→ **Requirement**: Please take the lines from the one holding "8. Install the" through the one holding "Ja, die Caard" in the data below and copy them exactly.

→ **Given data**:
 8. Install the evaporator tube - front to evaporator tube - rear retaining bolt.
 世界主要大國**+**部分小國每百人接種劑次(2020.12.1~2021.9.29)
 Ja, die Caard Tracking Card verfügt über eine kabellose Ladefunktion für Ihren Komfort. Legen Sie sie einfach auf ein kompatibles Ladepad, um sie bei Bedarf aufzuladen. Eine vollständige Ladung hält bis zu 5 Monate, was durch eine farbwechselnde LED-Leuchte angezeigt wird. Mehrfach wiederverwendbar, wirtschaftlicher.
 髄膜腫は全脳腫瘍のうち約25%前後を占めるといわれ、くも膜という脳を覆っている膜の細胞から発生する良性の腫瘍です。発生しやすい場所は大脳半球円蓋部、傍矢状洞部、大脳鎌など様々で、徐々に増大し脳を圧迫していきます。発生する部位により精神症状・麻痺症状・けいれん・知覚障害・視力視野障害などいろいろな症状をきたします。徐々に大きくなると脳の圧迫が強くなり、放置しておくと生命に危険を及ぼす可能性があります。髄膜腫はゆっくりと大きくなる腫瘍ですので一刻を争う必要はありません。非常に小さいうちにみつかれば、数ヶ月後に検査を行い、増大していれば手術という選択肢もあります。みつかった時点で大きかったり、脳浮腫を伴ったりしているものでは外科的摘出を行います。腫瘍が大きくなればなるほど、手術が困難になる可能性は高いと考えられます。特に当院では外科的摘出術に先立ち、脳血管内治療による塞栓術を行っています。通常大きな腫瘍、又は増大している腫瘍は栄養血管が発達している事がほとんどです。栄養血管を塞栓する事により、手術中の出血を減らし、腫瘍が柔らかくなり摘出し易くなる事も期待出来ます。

==

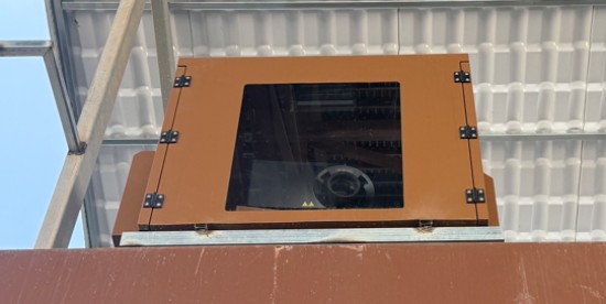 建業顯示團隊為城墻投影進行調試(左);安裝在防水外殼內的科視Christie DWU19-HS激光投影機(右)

→ **Output for this exercise**:
 8. Install the evaporator tube - front to evaporator tube - rear retaining bolt.
 世界主要大國**+**部分小國每百人接種劑次(2020.12.1~2021.9.29)
 Ja, die Caard Tracking Card verfügt über eine kabellose Ladefunktion für Ihren Komfort. Legen Sie sie einfach auf ein kompatibles Ladepad, um sie bei Bedarf aufzuladen. Eine vollständige Ladung hält bis zu 5 Monate, was durch eine farbwechselnde LED-Leuchte angezeigt wird. Mehrfach wiederverwendbar, wirtschaftlicher.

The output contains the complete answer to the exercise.